Should end with “.h5”
- Parameters:
collect_dir (str) – Directory of chunked files. Each file should be one variable for one day.
fn_out (str) – File path of final output file.
dsets (list | str) – List of datasets / variable names to collect. Can also be a single dataset or json.dumps(dsets).
sites (None | np.ndarray) – Subset of site indices to collect. None collects all sites.
n_writes (None | int) – Number of file list divisions to write per dataset. For example, if ghi and dni are being collected and n_writes is set to 2, half of the source ghi files will be collected at once and then written, then the second half of ghi files, then dni.
var_meta (str | pd.DataFrame | None) – CSV file or dataframe containing meta data for all NSRDB variables. Defaults to the NSRDB var meta csv in git repo. This is used if f_out has not yet been initialized.
max_workers (int | None) – Number of workers to use in parallel. 1 runs serial, None will use all available workers.
log_file (str | None) – Target log file. None logs to stdout.
log_level (str | None) – Desired log level, None will not initialize logging.
- static get_dset_attrs(h5dir, ignore_dsets=('coordinates', 'time_index', 'meta'))[source]
Get output file dataset attributes for a set of datasets.
- Parameters:
h5dir (str) – Path to directory containing multiple h5 files with all available dsets.

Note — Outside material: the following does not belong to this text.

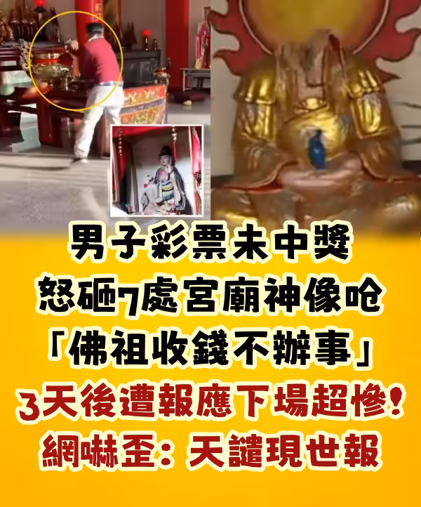 男子彩票未中獎,怒砸7處宮廟神像嗆「佛祖收錢不辦事...」3天後遭報應下場超慘!網嚇歪:天譴現世報
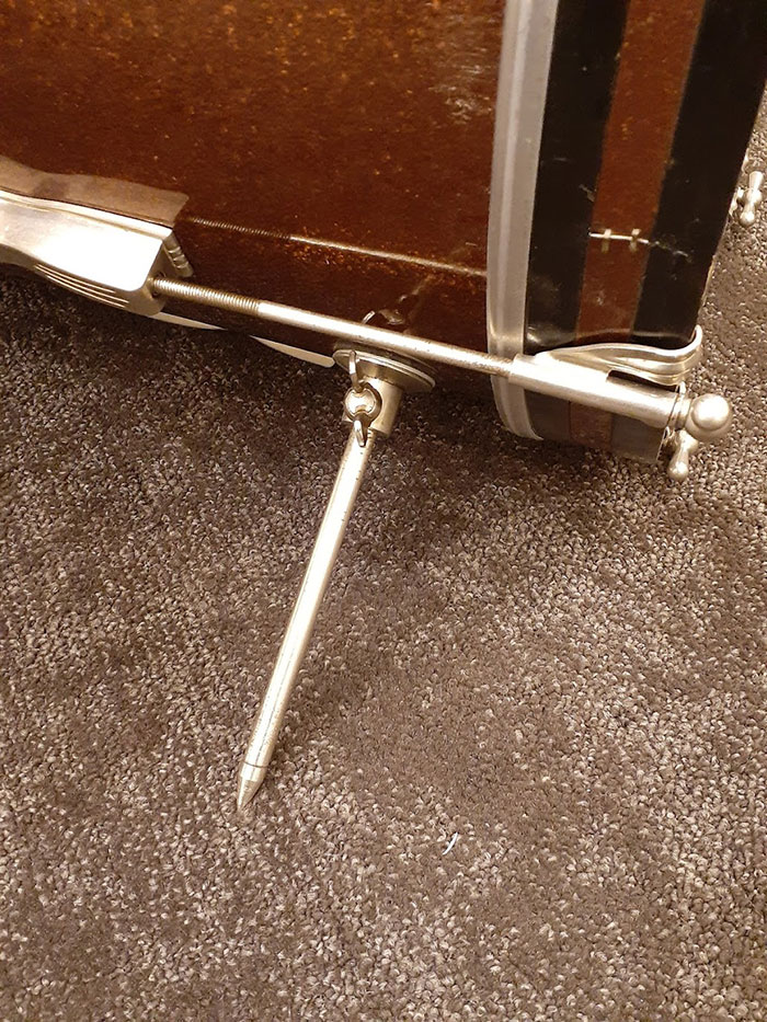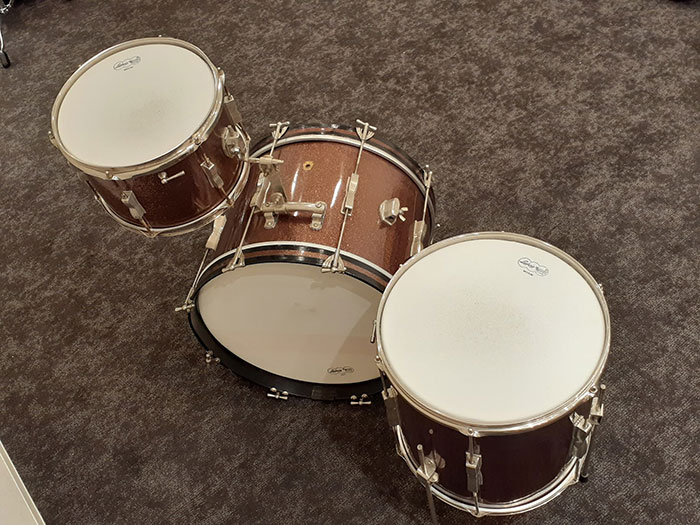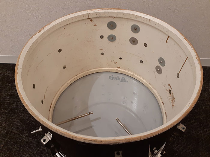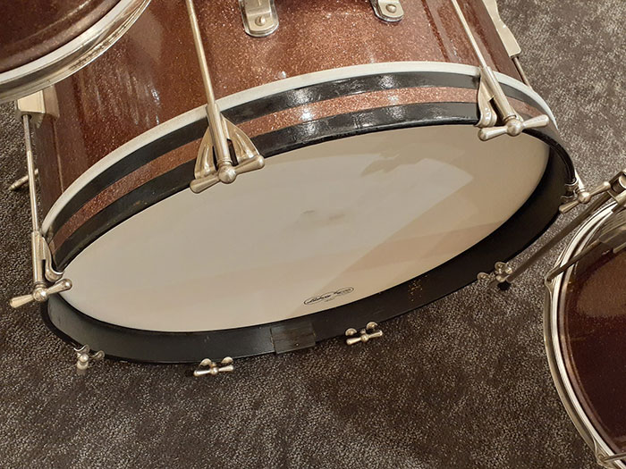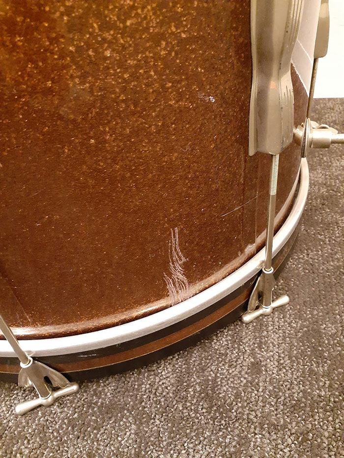 使用されていたため、バスドラムが床に接する部分に若干カバリング表面が擦れた跡があるだけで、カバリング表面も状態良好です。

Can also be a single h5 filepath.
ignore_dsets (tuple | list) – List of datasets to ignore (will not be aggregated).
- Returns:
dsets (list) – List of datasets.
attrs (dict) – Dictionary of dataset attributes keyed by dset name.
chunks (dict) – Dictionary of chunk tuples keyed by dset name.
dtypes (dict) – dictionary of numpy datatypes keyed by dset name.
ti (pd.Datetimeindex) – Time index of source files in h5dir.
- classmethod collect_dir(meta_final, collect_dir, collect_tag, fout, dsets=None, max_workers=None, log_file='collect_dir.log', log_level='DEBUG')[source]
Perform final collection of dsets for given collect_dir.
- Parameters:
meta_final (str | pd.DataFrame) – Final meta data with index = gid.
collect_dir (str) – Directory path containing chunked h5 files to collect.
collect_tag (str) – String to be found in files that are being collected
fout (str) – File path to the output collected file (will be initialized by this method).
dsets (list | tuple) – Select datasets to collect (None will default to all dsets)
max_workers (int | None) – Number of workers to use in parallel. 1 runs serial, None will use all available workers.
log_file (str | None) – Target log file. None logs to stdout.
log_level (str | None) – Desired log level, None will not initialize logging.